(Available data begins)

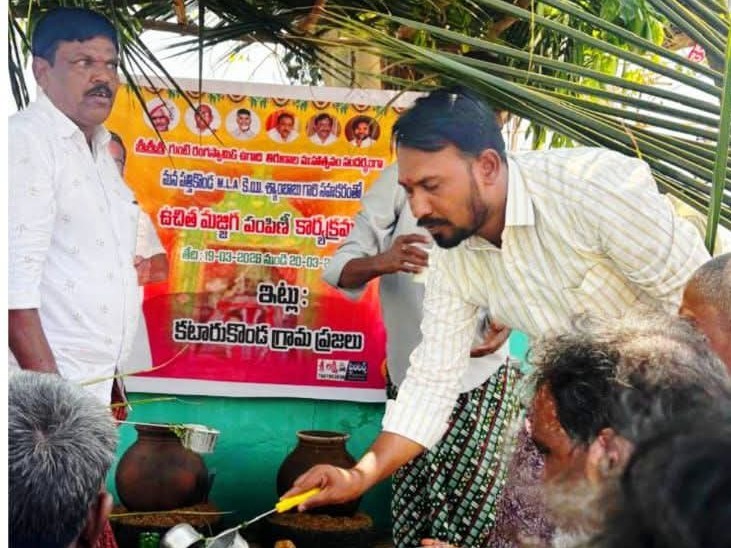 KRNL: క్రిష్ణగిరి మండలం కటారుకొండలో శ్రీ గుంటి రంగస్వామి తిరునాల సందర్భంగా గ్రామంలో భక్తి వాతావరణం నెలకొంది. ఈ సందర్భంగా ఎమ్మెల్యే కేఈ.శ్యామ్ కుమార్ ఆదేశాల మేరకు టీడీపీ కార్యకర్తలు గ్రామ ప్రజలకు ఉచిత మజ్జిగ పంపిణీ చేశారు. వేసవి వేడిని దృష్టిలో ఉంచుకుని ఏర్పాటు చేసిన ఈ కార్యక్రమానికి గ్రామస్తులు పెద్ద సంఖ్యలో హాజరై సేవలను వినియోగించుకున్నారు.
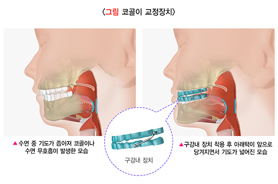 • 구강내 장치: 수면 중 기도를 넓혀주기 위해 착용합니다. 구강내 장치는 젊은 환자, 낮은 체질량지수, 목둘레가 굵지 않은 환자, 수면 자세에 따라 수면무호흡이 사라지는 경우, 증상이 심하지 않은 환자들에게 권합니다.
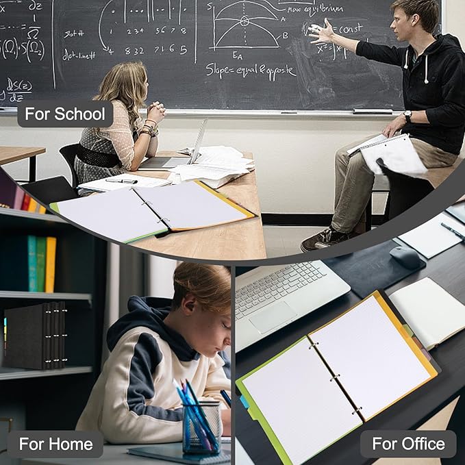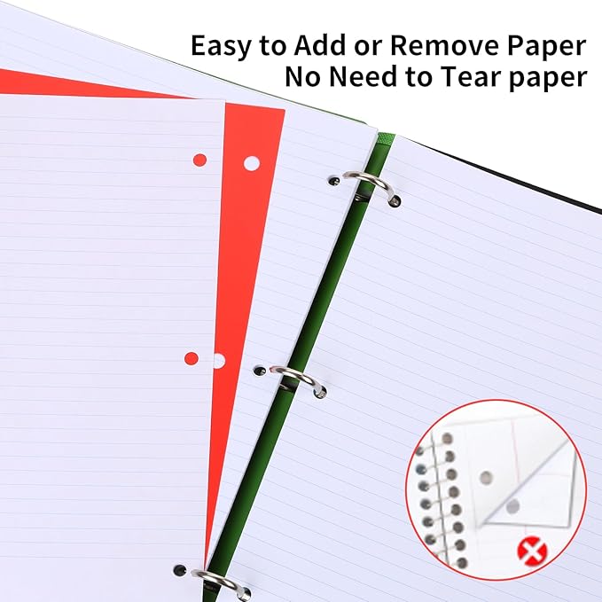 • 【Notebook with Folders】This is a brand-new designed useful and functional binder notebook. This notebook's biggest feature is that the internal paper and dividers can rotate 360 ​​degrees. This college-ruled notebook works like a binder, allowing you to add and remove pages easily. You can fold it back like a spiral notebook and lay flat writing.

(Available data ends)

Exercise description ::
Output the full listing verbatim, but drop the images.

Result of this exercise ::
 KRNL: క్రిష్ణగిరి మండలం కటారుకొండలో శ్రీ గుంటి రంగస్వామి తిరునాల సందర్భంగా గ్రామంలో భక్తి వాతావరణం నెలకొంది. ఈ సందర్భంగా ఎమ్మెల్యే కేఈ.శ్యామ్ కుమార్ ఆదేశాల మేరకు టీడీపీ కార్యకర్తలు గ్రామ ప్రజలకు ఉచిత మజ్జిగ పంపిణీ చేశారు. వేసవి వేడిని దృష్టిలో ఉంచుకుని ఏర్పాటు చేసిన ఈ కార్యక్రమానికి గ్రామస్తులు పెద్ద సంఖ్యలో హాజరై సేవలను వినియోగించుకున్నారు.
 • 구강내 장치: 수면 중 기도를 넓혀주기 위해 착용합니다. 구강내 장치는 젊은 환자, 낮은 체질량지수, 목둘레가 굵지 않은 환자, 수면 자세에 따라 수면무호흡이 사라지는 경우, 증상이 심하지 않은 환자들에게 권합니다.
 • 【Notebook with Folders】This is a brand-new designed useful and functional binder notebook. This notebook's biggest feature is that the internal paper and dividers can rotate 360 ​​degrees. This college-ruled notebook works like a binder, allowing you to add and remove pages easily. You can fold it back like a spiral notebook and lay flat writing.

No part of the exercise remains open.